WHAT TO PRODUCE: Print the data verbatim. Leave every image out.
========================
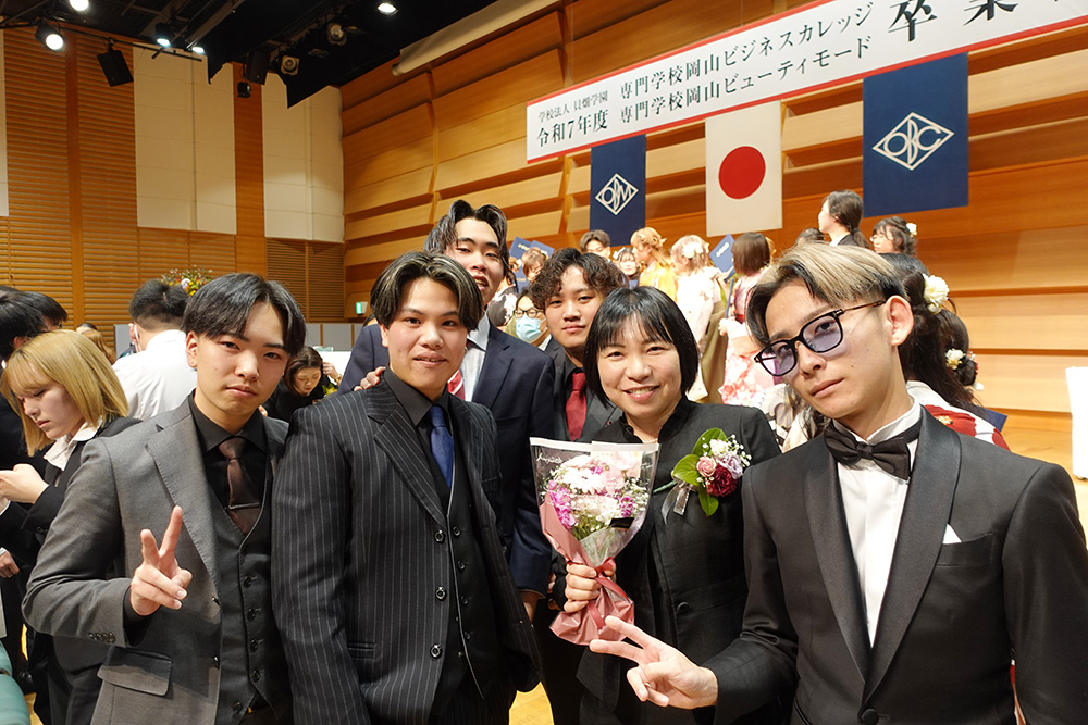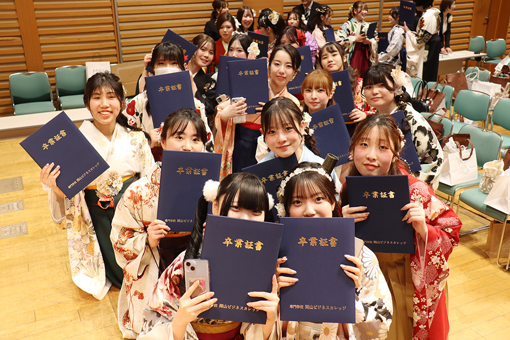 専門学校岡山ビジネスカレッジと専門学校岡山ビューティモードは両校合わせて学生数1000名以上と、専門学校としては岡山県下学生数No.1の総合学園ですが、令和7年度は515名の卒業生を社会へ送り出しました。
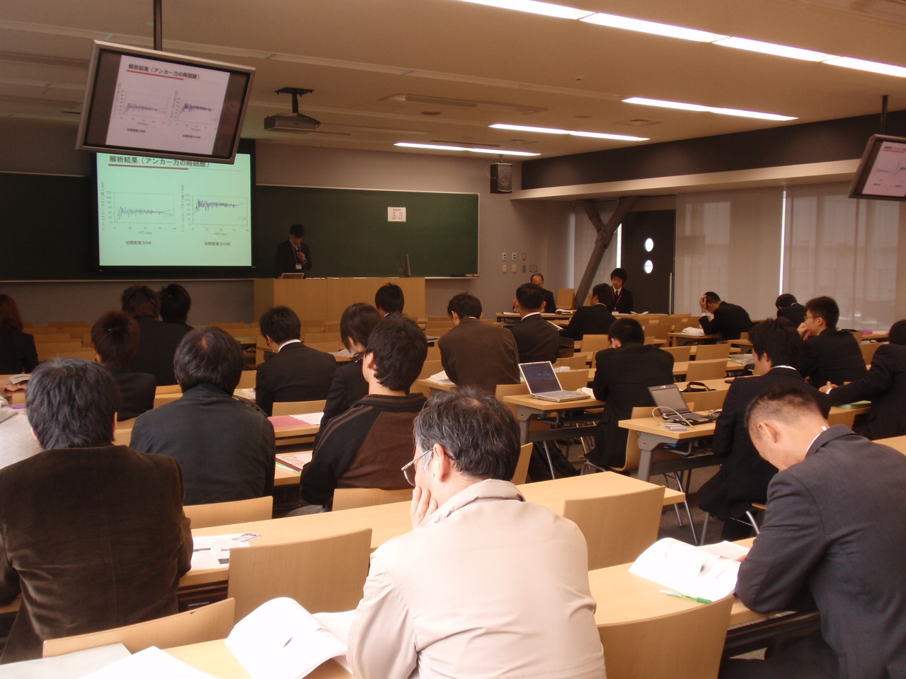 平成19年10月31日(金)、11月1日(土)の2日間にわたり、千葉県船橋市の日本大学理工学部船橋キャンパスにおいて第5回関東支部発表会(Geo-Kanto2008)が開催されました。例年は2日間とも平日開催でしたが、前回参加者の意見を反映して、今回初の試みとして2日目を土曜日開催としました。発表会では、一般発表、研究委員会によるディスカッション・セッション(DS)、特別講演、意見交換会が行われ、参加者は177名(DS、特別講演のみの一般参加者は除く)でした。一般発表は117件の投稿があり、13のセッションに分かれて発表を行い、DSは5セッションが実施されました。特別講演は、千葉県県土整備部長の橋場克司氏を講師としてお迎えし「千葉県の社会資本整備」と題した講演をしていただきました。今回より、広く一般に開かれた発表会とするため、DSと特別講演のみの聴講者は無料で参加できることになり、特別講演には約10名の一般参加者が見受けられました。特別講演の後は、会場を同キャンパス内のホールに移して、意見交換会を開催し、冒頭に優秀講演者賞の表彰式が行われました。今回の優秀講演者賞の受賞者は以下の通りです。なお、Geo-Kanto2008を開催するにあたり、関東支部千葉県Gを始め、千葉県県土整備部、本学事務局の方々のご協力をいただきましたこと、ここに記して感謝申し上げます。
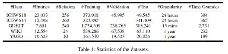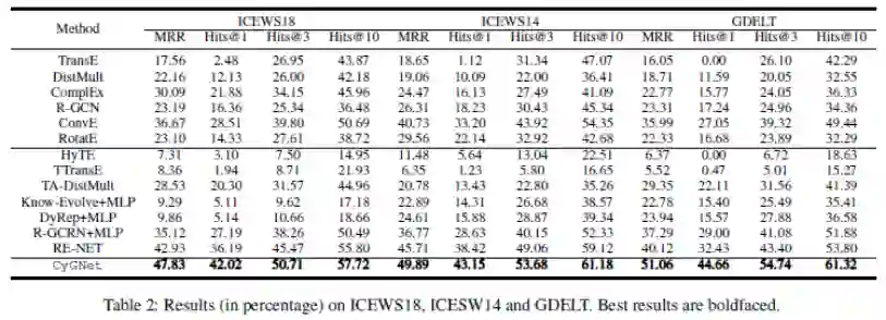 最后,研究者在 ICEWS18、ICEWS14、GDELT、WIKI 和 YAGO 等 5 个公开 TKG 基准数据集上进行了广泛的实验,结果表明 CyGNet 在未来事实(链接)预测任务上优于以往 SOTA TKG 模型。
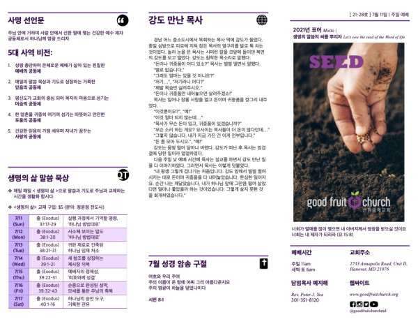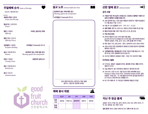 2021-07-11 페이지 정보 작성자 선한열매교회 댓글 0건 조회 11,128회 작성일 21-07-10 17:50 목록 본문 GFC 주일예배 주보 이전글2021-07-18 21.07.17 다음글2021-07-04 21.07.09 댓글 0 댓글목록 등록된 댓글이 없습니다. 목록
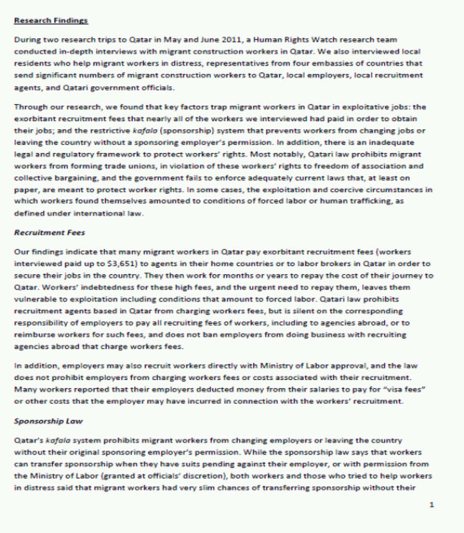 وبناء على مقابلات مع 73 عاملاً وافداً بمجال الإنشاءات في قطر، ومع أصحاب عمل من صناعة الإنشاءات، ومع مسؤولين حكوميين ودبلوماسيين وملحقين عماليين من كبرى الدول الراسلة للعمالة، ومع صحفيين وأكاديميين ومدافعين عن حقوق العمال، وكذلك بناء على مراسلات مع مسؤولين حكوميين وشركات؛ يبحث التقرير في العوامل الأساسية التي تؤدي إلى حصار العمال في وظائف تشوبها أوجه الاستغلال، بما في ذلك التعرض لرسوم الالتحاق الباهظة بالعمل ، ونظام الكفالة التقييدي الذي يمنع العمال من تغيير وظائفهم أو الخروج من قطر دون موافقة الكفيل. وفي أسوأ الحالات، وصف بعض العمال أوضاعاً ترقى لمستوى العمل القسري. وبناء على طلب العمال الذين تحدثنا إليهم، لم يذكر التقرير أسماء أصحاب عملهم.
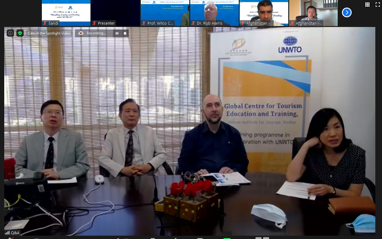 澳門旅遊學院世界旅遊教育及培訓中心與聯合國世界旅遊組織合作舉辦了首個網上培訓課程,課程以「新型冠狀病毒的應付、應對及處理」為主題,講述在新型冠狀病毒大流行的情況下,在可持續旅遊政策與規劃、目的地管理、 營銷策略及人力資源管理四方面應對上的觀點。課程於2020年7月下旬舉行,以代替原定學員來澳學習8天的第9屆澳門旅遊學院世界旅遊教育及培訓中心與聯合國世界旅遊組織合辦的培訓課程。
========================
RESULT OF THIS TASK:
 専門学校岡山ビジネスカレッジと専門学校岡山ビューティモードは両校合わせて学生数1000名以上と、専門学校としては岡山県下学生数No.1の総合学園ですが、令和7年度は515名の卒業生を社会へ送り出しました。
 平成19年10月31日(金)、11月1日(土)の2日間にわたり、千葉県船橋市の日本大学理工学部船橋キャンパスにおいて第5回関東支部発表会(Geo-Kanto2008)が開催されました。例年は2日間とも平日開催でしたが、前回参加者の意見を反映して、今回初の試みとして2日目を土曜日開催としました。発表会では、一般発表、研究委員会によるディスカッション・セッション(DS)、特別講演、意見交換会が行われ、参加者は177名(DS、特別講演のみの一般参加者は除く)でした。一般発表は117件の投稿があり、13のセッションに分かれて発表を行い、DSは5セッションが実施されました。特別講演は、千葉県県土整備部長の橋場克司氏を講師としてお迎えし「千葉県の社会資本整備」と題した講演をしていただきました。今回より、広く一般に開かれた発表会とするため、DSと特別講演のみの聴講者は無料で参加できることになり、特別講演には約10名の一般参加者が見受けられました。特別講演の後は、会場を同キャンパス内のホールに移して、意見交換会を開催し、冒頭に優秀講演者賞の表彰式が行われました。今回の優秀講演者賞の受賞者は以下の通りです。なお、Geo-Kanto2008を開催するにあたり、関東支部千葉県Gを始め、千葉県県土整備部、本学事務局の方々のご協力をいただきましたこと、ここに記して感謝申し上げます。
 最后,研究者在 ICEWS18、ICEWS14、GDELT、WIKI 和 YAGO 等 5 个公开 TKG 基准数据集上进行了广泛的实验,结果表明 CyGNet 在未来事实(链接)预测任务上优于以往 SOTA TKG 模型。
 2021-07-11 페이지 정보 작성자 선한열매교회 댓글 0건 조회 11,128회 작성일 21-07-10 17:50 목록 본문 GFC 주일예배 주보 이전글2021-07-18 21.07.17 다음글2021-07-04 21.07.09 댓글 0 댓글목록 등록된 댓글이 없습니다. 목록
 وبناء على مقابلات مع 73 عاملاً وافداً بمجال الإنشاءات في قطر، ومع أصحاب عمل من صناعة الإنشاءات، ومع مسؤولين حكوميين ودبلوماسيين وملحقين عماليين من كبرى الدول الراسلة للعمالة، ومع صحفيين وأكاديميين ومدافعين عن حقوق العمال، وكذلك بناء على مراسلات مع مسؤولين حكوميين وشركات؛ يبحث التقرير في العوامل الأساسية التي تؤدي إلى حصار العمال في وظائف تشوبها أوجه الاستغلال، بما في ذلك التعرض لرسوم الالتحاق الباهظة بالعمل ، ونظام الكفالة التقييدي الذي يمنع العمال من تغيير وظائفهم أو الخروج من قطر دون موافقة الكفيل. وفي أسوأ الحالات، وصف بعض العمال أوضاعاً ترقى لمستوى العمل القسري. وبناء على طلب العمال الذين تحدثنا إليهم، لم يذكر التقرير أسماء أصحاب عملهم.
 澳門旅遊學院世界旅遊教育及培訓中心與聯合國世界旅遊組織合作舉辦了首個網上培訓課程,課程以「新型冠狀病毒的應付、應對及處理」為主題,講述在新型冠狀病毒大流行的情況下,在可持續旅遊政策與規劃、目的地管理、 營銷策略及人力資源管理四方面應對上的觀點。課程於2020年7月下旬舉行,以代替原定學員來澳學習8天的第9屆澳門旅遊學院世界旅遊教育及培訓中心與聯合國世界旅遊組織合辦的培訓課程。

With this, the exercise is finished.